**Assignment**
Take the listing below and print exactly the lines starting at the line containing "学生疫情防控(7)— 给学生线上学习的十条建议" and ending at the line containing "Штатні камери переднього", both ends included, and no others.

**Entries supplied**
_____

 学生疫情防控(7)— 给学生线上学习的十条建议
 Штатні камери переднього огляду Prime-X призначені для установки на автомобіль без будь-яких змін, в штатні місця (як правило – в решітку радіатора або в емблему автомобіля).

_____

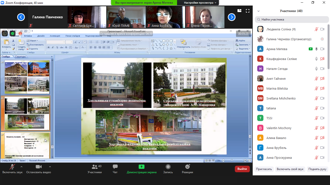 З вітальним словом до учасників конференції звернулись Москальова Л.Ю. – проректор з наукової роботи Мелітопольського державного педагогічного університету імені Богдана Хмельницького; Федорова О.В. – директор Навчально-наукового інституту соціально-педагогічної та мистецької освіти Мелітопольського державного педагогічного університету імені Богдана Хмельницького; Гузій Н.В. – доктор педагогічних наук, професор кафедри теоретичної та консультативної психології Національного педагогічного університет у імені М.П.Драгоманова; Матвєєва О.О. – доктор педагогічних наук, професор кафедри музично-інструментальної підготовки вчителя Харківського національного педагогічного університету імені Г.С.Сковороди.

_____

**Answer box**
 学生疫情防控(7)— 给学生线上学习的十条建议
 Штатні камери переднього огляду Prime-X призначені для установки на автомобіль без будь-яких змін, в штатні місця (як правило – в решітку радіатора або в емблему автомобіля).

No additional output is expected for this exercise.